He kicks an empty drinks can from the pavement into the gutter. He neither looks around for possible censure nor looks guilty about what his father would describe as ‘loutish behaviour’. The sound of aluminium against tarmac is a beautiful symphony to him. His mother would call it ‘quite uncharacteristic’. His school reports told of an ‘ordered and orderly boy’.
He visits a charity shop and selects an outfit for twenty five pounds. The lady behind the counter gratefully receives his black school jacket, white shirt and regulation black shoes. She even accepts his tie.
He leaves the shop kitted out in jeans, a hoodie and scuffed trainers.
Next he visits a hairdresser.
“What style would you like?”
The possibility of choice baffles him. Magazines photographs are flicked in front of his face. He selects one, almost at random as he senses that to show no preference would be taken as bad manners.
The bleach made his eyes water. The face that greets him in the mirror is a stranger. The hairdresser is alarmed that her client may cry.
“It’s what you wanted. It’s just like the picture you chose”. She goes to retrieve the magazine as evidence. But he stops her by saying, “No, it’s good. I like it.”
A warm meal is regularly provided in the school canteen. Today he can choose. Burger and fries taste so different from his mother’s suppers. She calls him ‘my little guinea-pig’ the evening before one of their regular dinner parties. Naturally, the boy is not invited to those formal affairs. These evenings are set pieces for his father to do business. Influential dinner guests arrive, often chauffeured. The young man never has the opportunity to meet them or even to see them. He has so much revision and homework assignments.

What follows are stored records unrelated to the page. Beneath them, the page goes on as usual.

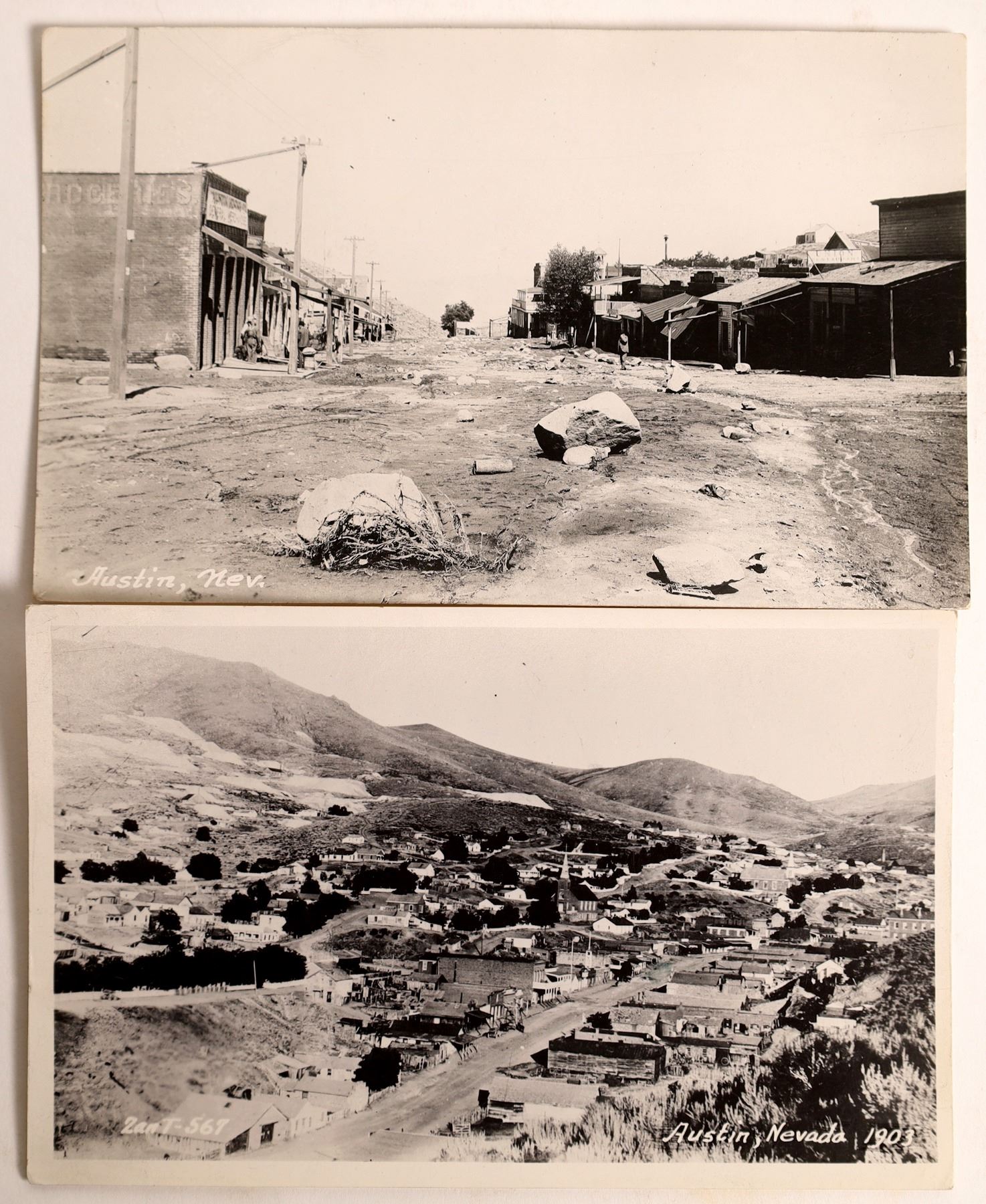 Lot of two real photo postcards of Austin, Nevada. Birdseye view, 1903, postmarked 1949; and Main Street when it still had boulders in the road. Used in the Holabird bottle book.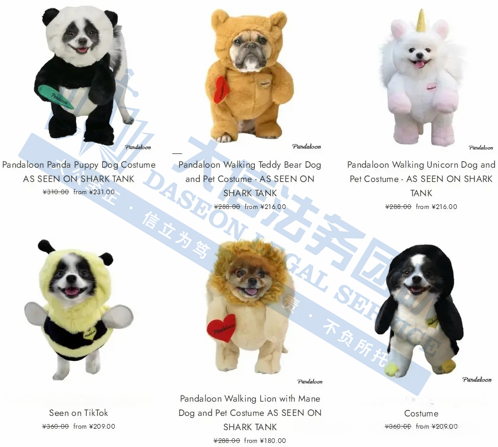 原告是来自美国一家创意宠物服装公司,注于为宠物设计独特服饰,可将宠物装扮成泰迪熊、兔子、独角兽等可爱的“行走萌物”。其产品配备可调节抽绳,适配小型至中型犬及猫等宠物,兼顾舒适性与趣味性,且设计贴合宠物身形,能有效提升宠物的接受度。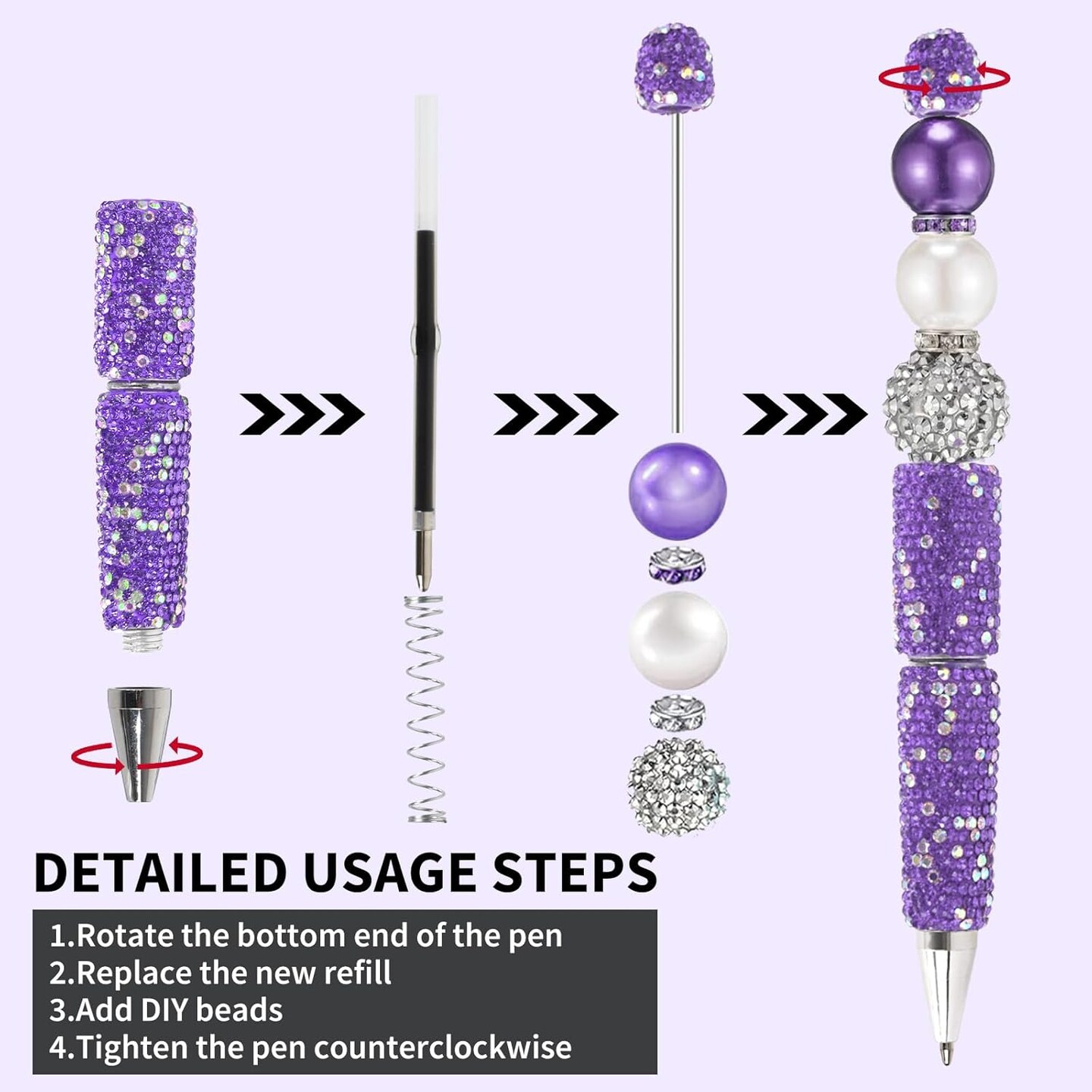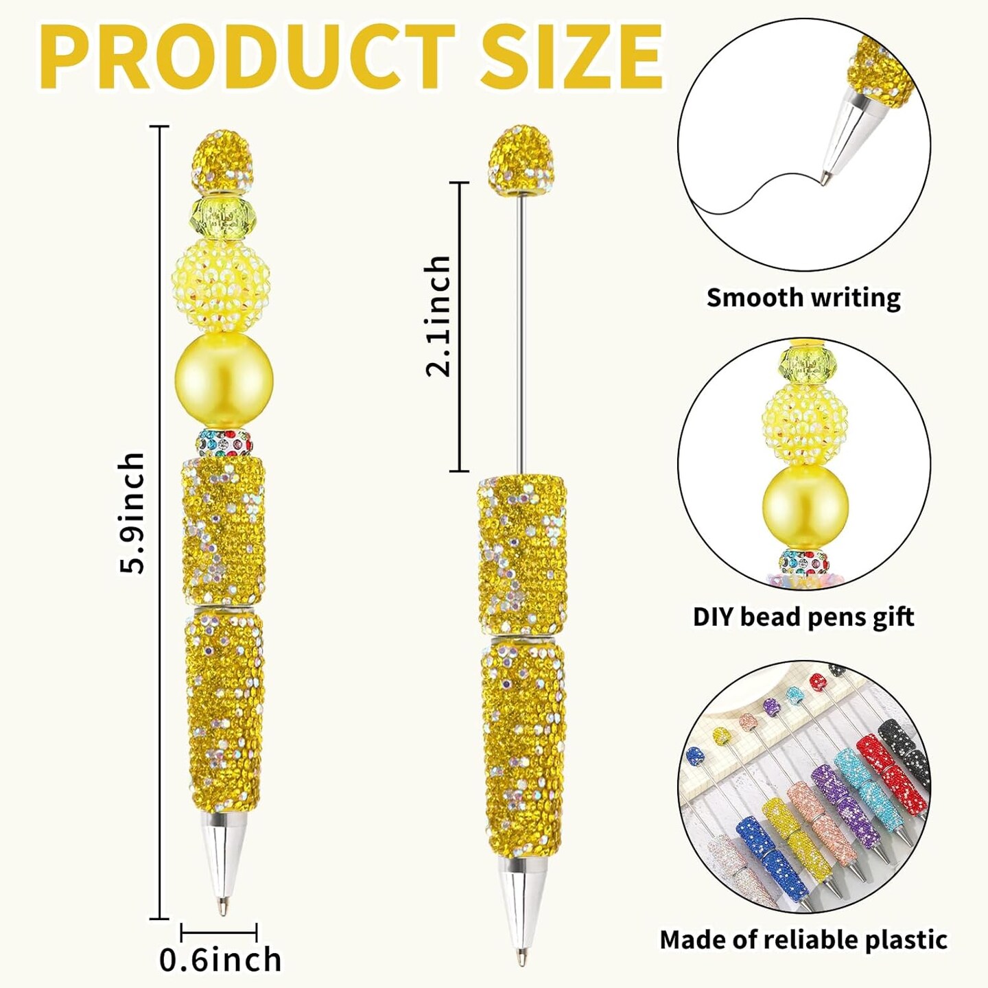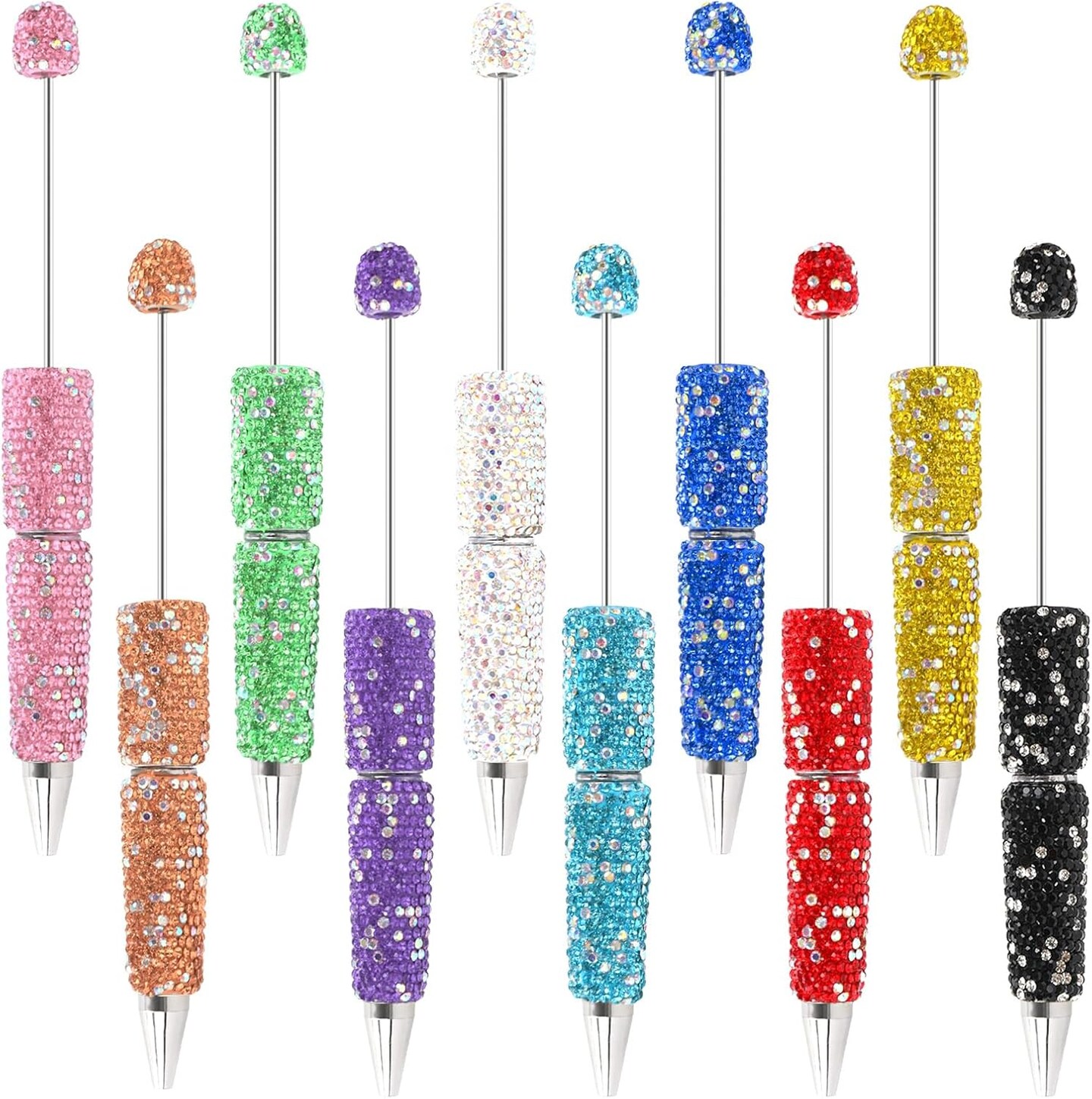 10Pcs Glitter Beadable Pen Full Rhinestone Plastic Bead

One evening, sneaking down to the kitchen for a glass of milk, he overheard snatches of conversation from the dining-room. His mother, self-deprecating, “Just a simple dessert really, a recipe I found in an old cookery book”. Then his father’s voice ; “Yes, just the one boy. Coming up to his ‘A’ level year. Five ‘A’ stars predicted. School seem to think he can have his pick of any Oxbridge college.”
The milk sat heavily in his stomach that night. Or was it expectation?
He looks at his mobile phone screen. The missed calls are racking up. The first was from school at 9.17am, then his mother. His father had even called around midday.
*****
The next morning in a café he watches a local radio news report. There is growing concern about the probable kidnap of a local businessman’s son. The poignancy of the story is accentuated by the timing. Apparently he was taken on his way to school where he was due to sit his first ‘A’ level examination. He had a promising future ahead of him. The past tense is used already. It is weird to see his crying mother and grim-faced father on the screen.